17. Did you know that Martin Luther King, Jr. began his career as a local pastor at Dexter Avenue Baptist Church in Montgomery?
18. The Selma-to-Montgomery march in 1965 guaranteed the right to vote to all African Americans. Dr. Martin Luther King Jr. participated in the march. He had recently won the Nobel Peace Prize in 1964, which helped him draw attention to the difficulties faced by black voters, and the need for a national Voting Rights Act.
19. “Until justice rolls down like waters and righteousness like a might steam.” – These are his words that are inscribed on Montogomery’s Civil Rights Memorial.

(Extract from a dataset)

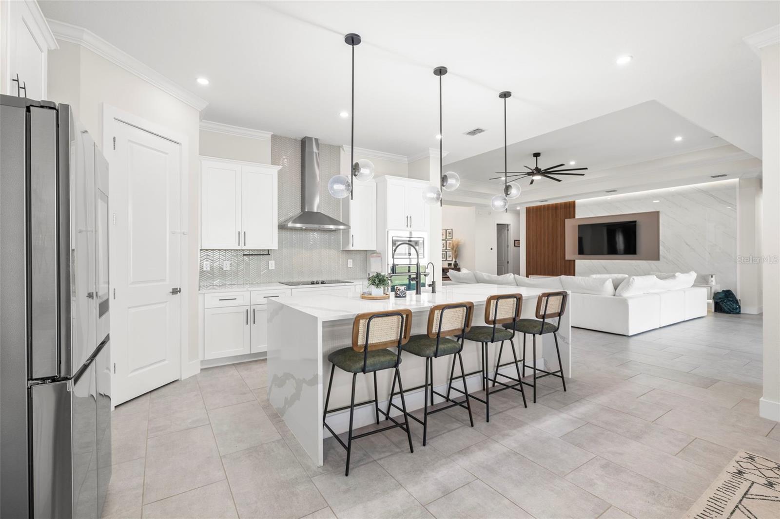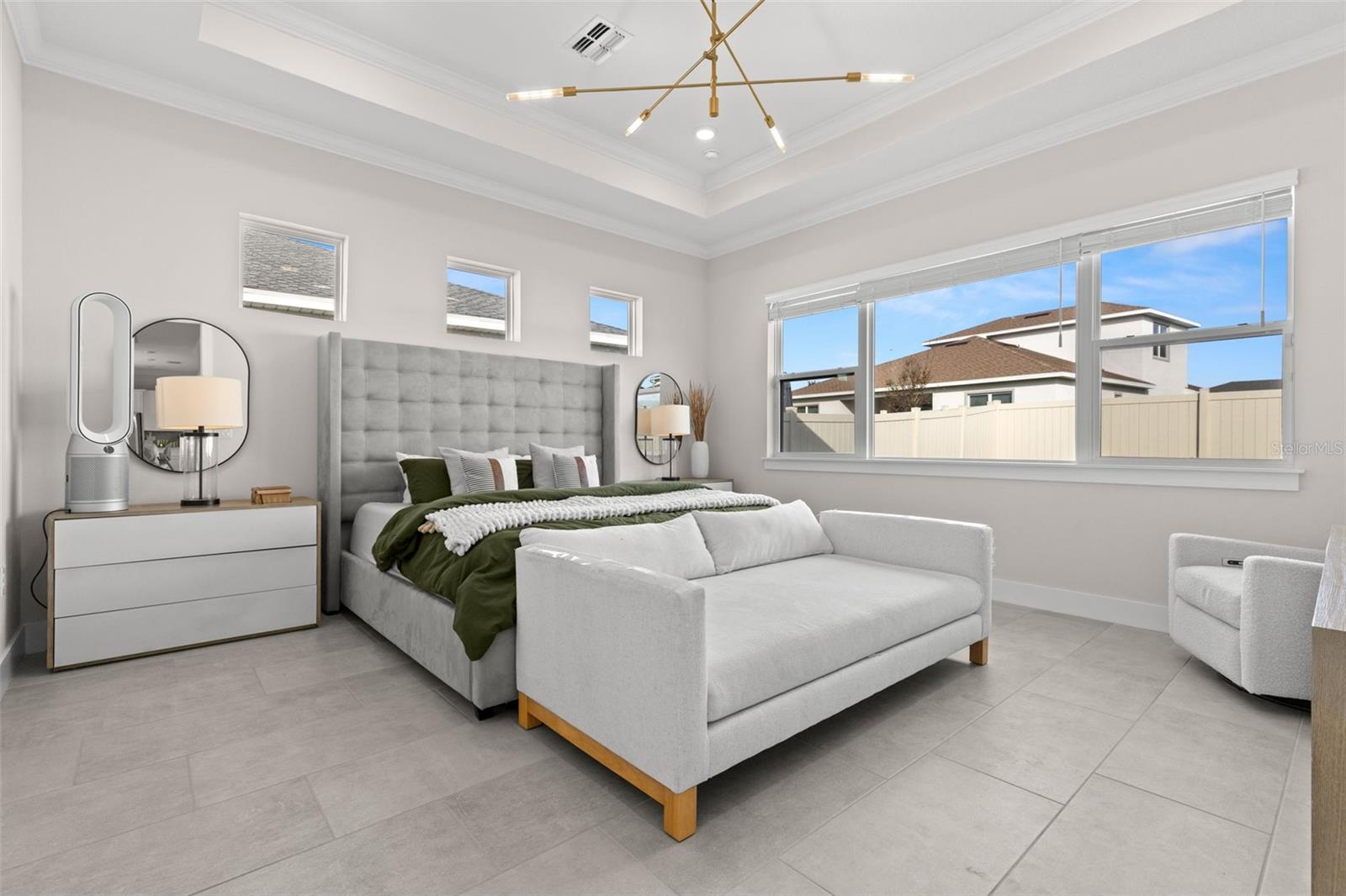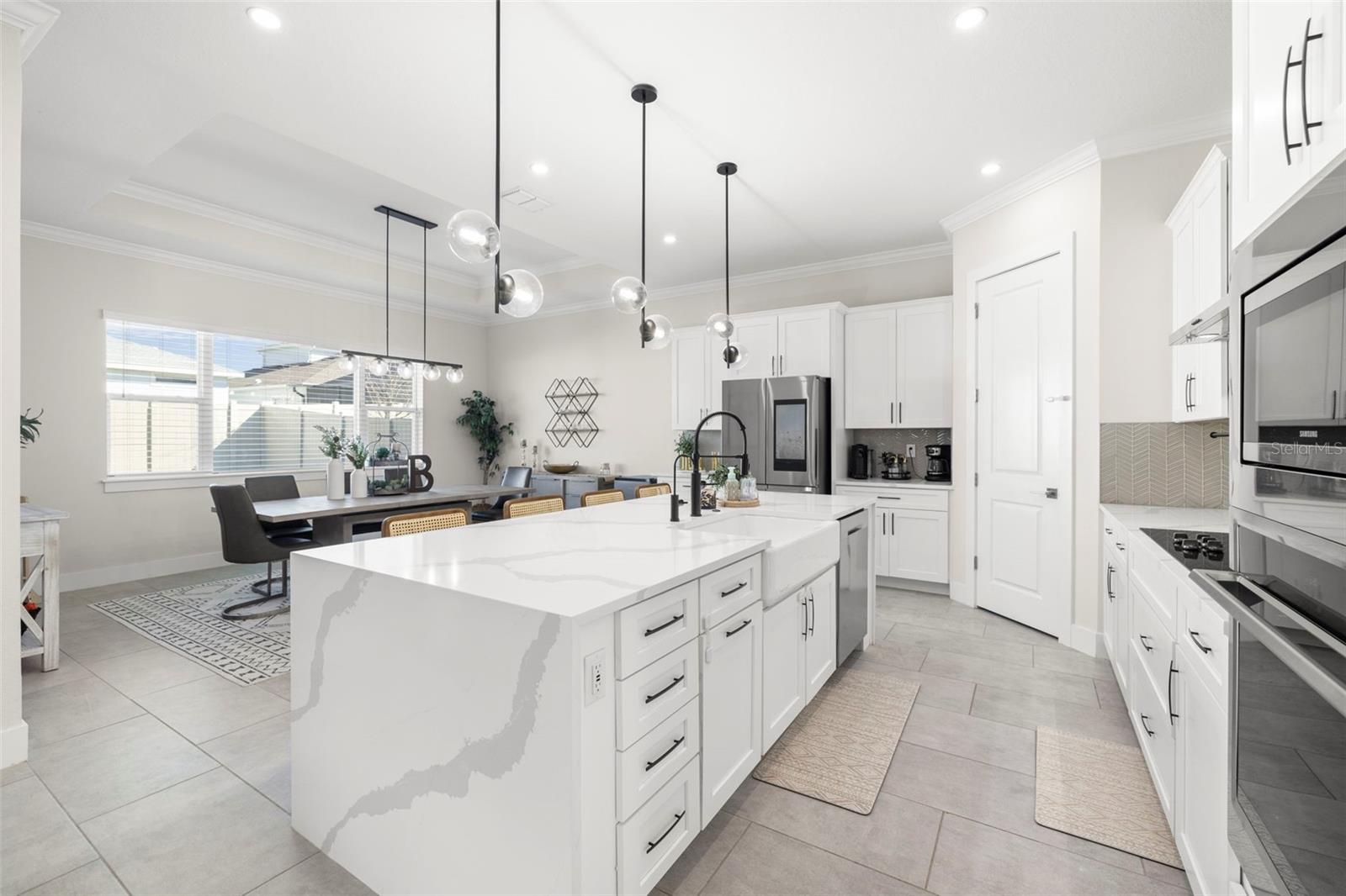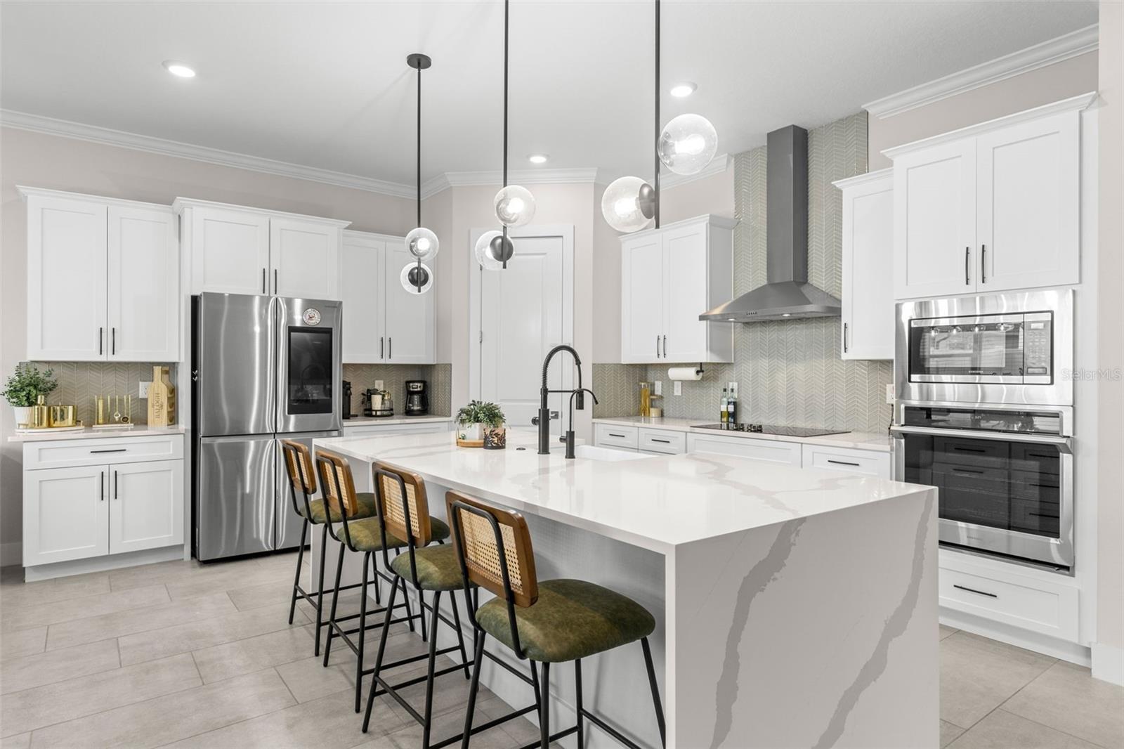 Welcome to this beautifully built, newer home located in the highly sought-after Epperson Lagoon community of Wesley Chapel. Boasting 4 spacious bedrooms, 3.5 luxurious baths, 3,214 square foot of living space, and a 3-car garage, this home is designed with upgraded modern finishes throughout, providing both style and comfort on a generous quarter-acre lot. As you enter, you’re immediately greeted by high ceilings and an open floor plan that seamlessly connects the living room, kitchen, and dining areas. The expansive living room features a custom accent wall that adds a wow factor to the space. Upon entering the living room, you'll discover an additional bonus room, currently set up as a home office, featuring custom built-in cabinets crafted from monkey pod wood imported from Puerto Rico. The chef's kitchen offers pristine quartz countertops, high-end stainless steel appliances, and a large island that opens up to the generous dining area. The master retreat is a true sanctuary, featuring dual walk-in closets, a luxurious soaking tub, and a walk-in shower with sleek finishes. One bedroom includes an en-suite bath, while two additional bedrooms are conveniently located next to a full shared bath. For added convenience, the home features a laundry room that connects directly to the two-car garage. The third garage space is currently being used as a home gym, and all materials for the gym can be included upon request. Step outside to enjoy the private fenced-in backyard, complete with a covered outdoor patio featuring stunning wood paneling from wall to ceiling —perfect for outdoor activities or simply relaxing in the Florida sunshine. The same wood paneling ceilings are located on the floor door entry way. Enjoy the convenience of being directly across the street from Eagle Park, which features a playground, dog park, community center, and extra parking just steps away. From your front door, you'll also have an unobstructed view of the lake and stunning sunsets. Residents of the Epperson community enjoy the benefits of an HOA that covers internet and cable, along with access to exclusive amenities, including the state-of-the-art lagoon—an incredible oasis just minutes from your doorstep. You’ll also find yourself within close proximity to local shops, restaurants, Publix, and more, making it easy to live, work, and play in one of the best areas of Wesley Chapel. This home offers the perfect blend of luxury, convenience, and community—don't miss the opportunity to make it yours! Contact us today for a tour.

20. Did you know that on the night of November 12, 1833, a spectacular occurrence of the Leonid meteor shower had been observed in Alabama? The shower was so intense that many people thought that the world is coming to an end. The “night the stars fell” is mentioned in several stories about Ray County.
21. Did you know that Marie Bader, a 26-year-old from Mobile, Alabama, holds the world record for the fastest 10-kilometer run on sand? She completed the remarkable run in 55 minutes and 1 second.
22. In 1910, Wright brothers opened the first-ever in the U.S. civil aviation school on an old cotton plantation on the outskirts of Montgomery, Montgomery County. However, the flight school did not remain operational for a long time due to some problems.
23. Carl Lewis, the famous track-and-field athlete, who won nine Olympic gold medals during the 1980s and ’90s, was born in Birmingham, Alabama. He also won one Olympic silver medal, and 10 World Championships medals, including eight gold.
24. During the first half of the 19th century, cotton and slave labor played a central role in the state’s economy.
26. In 2017, a record 26 million tourists visited Alabama spending an all-time high of $14.3 billion.
27. Talladega Superspeedway, formerly named Alabama International Motor Speedway (AIMS), is a motorsports complex located north of Talladega, Alabama. It is the longest NASCAR oval with a length of 2.66-mile-long (4.281 km).
28. On December 14, 2019, Alabama celebrates its Bicentennial year (marks the completion of 200 years of its statehood).
29. Jesse Owens is an Olympic gold medalist who was born in Oakville, Alabama. He was the son of a sharecropper and grandson of a slave. He won four gold medals at the 1936 Olympic Games in Berlin.